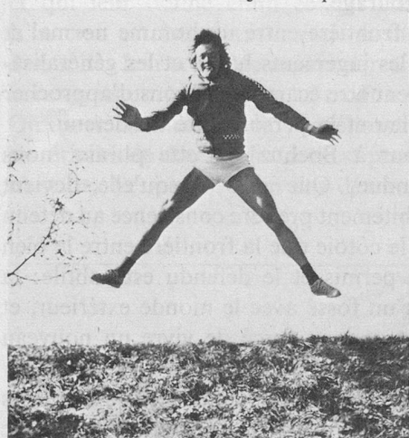
Cette photo a été prise au 1/500 e de seconde.

La dernière fois, nous vous avons montré une photo bougée. Ceci posait le problème de la vitesse. Vous savez que, pour prendre une photo, un mécanisme, appelé obturateur, obéissant à votre index, laisse pénétrer la lumière derrière l'objectif pendant une fraction de
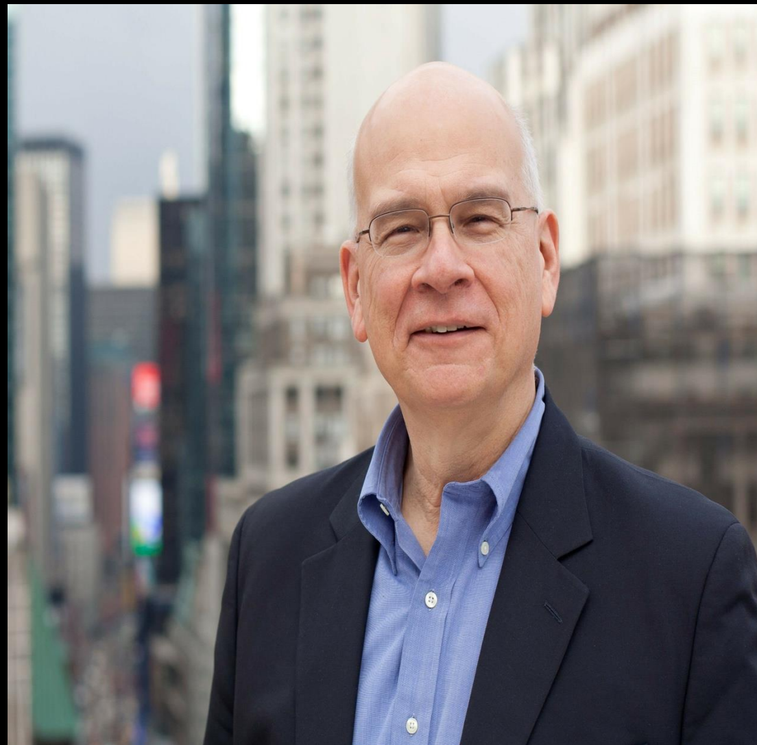
Timothy Keller (1950 –2023)
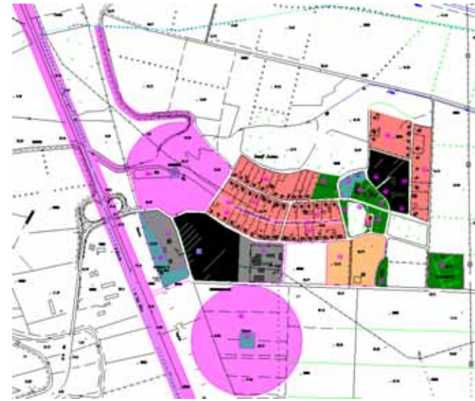
STRUMENTO URBANISTICO VIGENTE – PUC del 2002
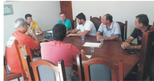
27/11 - Reunião de planejamento construção sede da ACE
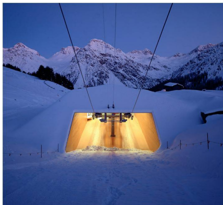
01 Sesselbahn Carmena in Arosa, Bearth & Deplazes Architekten

Unter dem Titel «Alpine Architektur und Tourismus: Quo vadis?» organisieren Seilbahnen Schweiz und der SIA am 5. November 2010 eine Tagung im Schweizerischen Alpen Museum in Bern. In Referaten und einer Podiumsdiskussion sollen die heutigen und zukünftigen Wechselwirkungen zwischen Architektur und Tourismus im alpinen Kontext aus unterschiedlicher Perspektive beleuchtet werden.
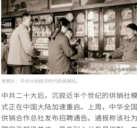
老照片：中共计划经济时代的供销社。

中共二十大后，沉寂近半个世纪的供销社模式正在中国大陆加速重启。上周，中华全国供销合作总社发布招聘通告。通报称该社为国家正部级单位，员工列入公务员编制。中共再次高调推广供销社模式，引发外界关注。
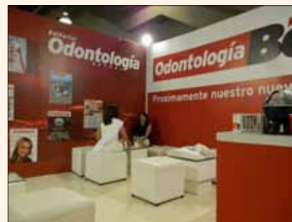
La parte superior del stand de Odontología Actual.
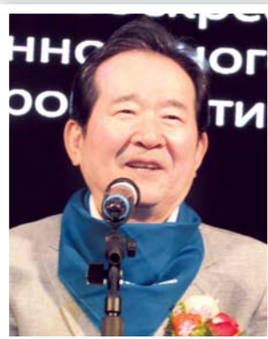
Спикер парламента Республики Корея Джонг Се Гюн

Трудное положение мигрантов усугубляется проблемами с социальной поддержкой, бытовыми трудностями,
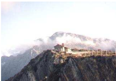
Vue sur le massif des Lefka Ori.
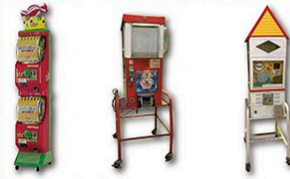
おやつキング ビッグマシン キンパンディングマシン
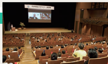
大学セミナー開催風景 ▶
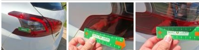
Pare-chocs AR, Griffe(s), Acceptable
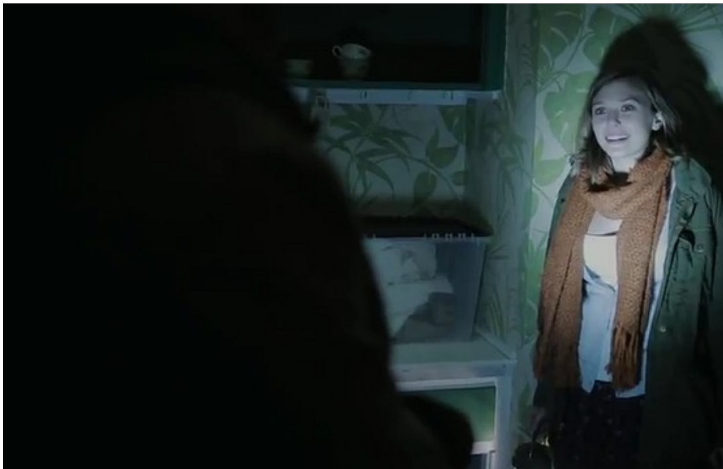
Immagine tratta dal film " Silent House ", 2011, di Chris Kentis & Laura Lau

Clicca qui sotto per vedere una galleria di poster e recensioni di film nella mia fan-page su facebook:
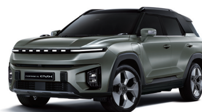
FOREST zelená s čiernou strechou (2GO)
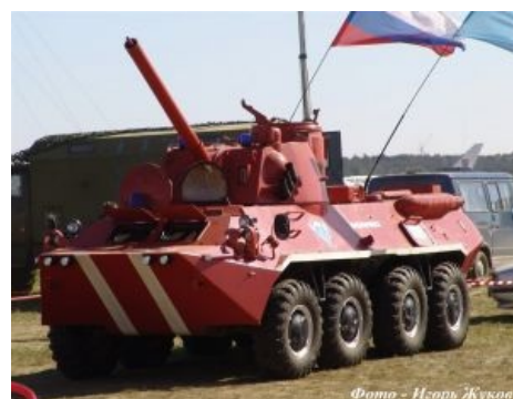
Мирный пожарный автомобиль Этой Страны
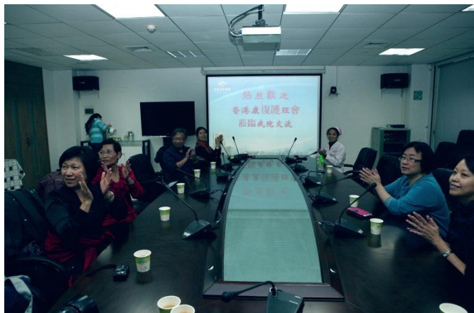
廣東省中醫院參觀交流
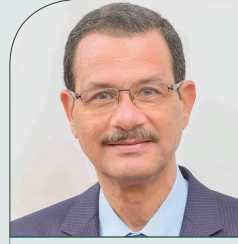
د/ أحمد درويش

وزير التنمية الإدارية سابقاً، جمهورية مصر العربية
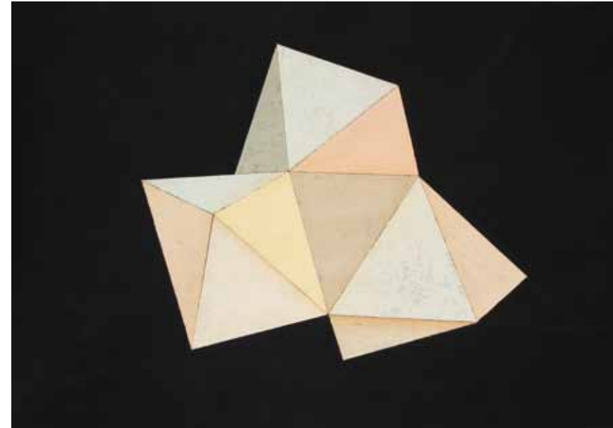
o.T., 2.09.2013 Mischtechnik / Décollage, 70 x 100 cm
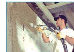
Spruzzatura di intonaco
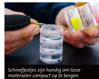
Schroefpotjes zijn handig om losse materialen compact op te bergen.
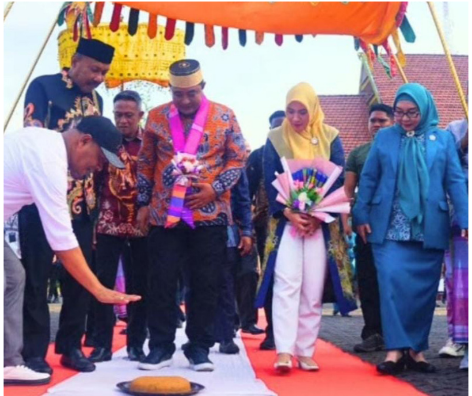
Pj. Gubernur Sulsel Bahtiar Baharuddin bersama istri disambut dengan acara adat ketika pulang kampung ke Bone.

Selanjutnya, Wakil Bupati mengungkapkan permohonan maaf dari Bupati yang sedang menjalankan tugas dinas luar, dan ia
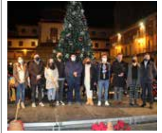
Navidad en Nules.
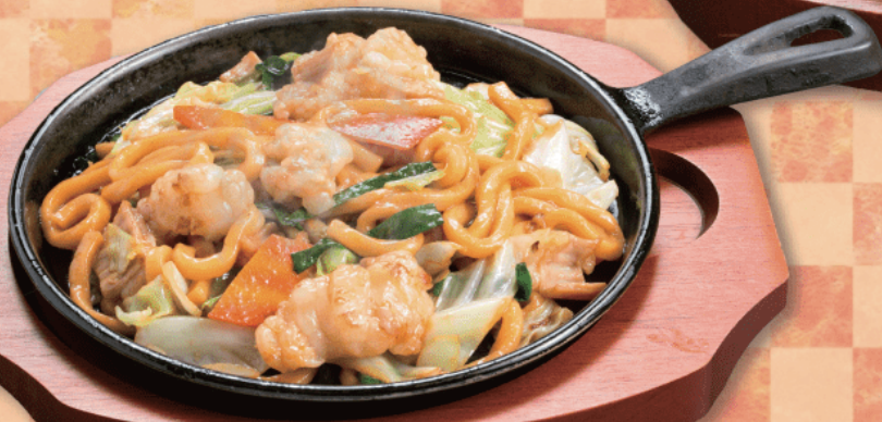
ホルモン焼きうどん

----

#### WORK TO COMPLETE
Nothing but the lines from the one containing "FOREST zelená s čiernou strechou (2GO)" through the last line of the listing should be copied, each word for word and without pictures.

#### RESPONSE BOX
FOREST zelená s čiernou strechou (2GO)
Мирный пожарный автомобиль Этой Страны
廣東省中醫院參觀交流
د/ أحمد درويش

وزير التنمية الإدارية سابقاً، جمهورية مصر العربية
o.T., 2.09.2013 Mischtechnik / Décollage, 70 x 100 cm
Spruzzatura di intonaco
Schroefpotjes zijn handig om losse materialen compact op te bergen.
Pj. Gubernur Sulsel Bahtiar Baharuddin bersama istri disambut dengan acara adat ketika pulang kampung ke Bone.

Selanjutnya, Wakil Bupati mengungkapkan permohonan maaf dari Bupati yang sedang menjalankan tugas dinas luar, dan ia
Navidad en Nules.
ホルモン焼きうどん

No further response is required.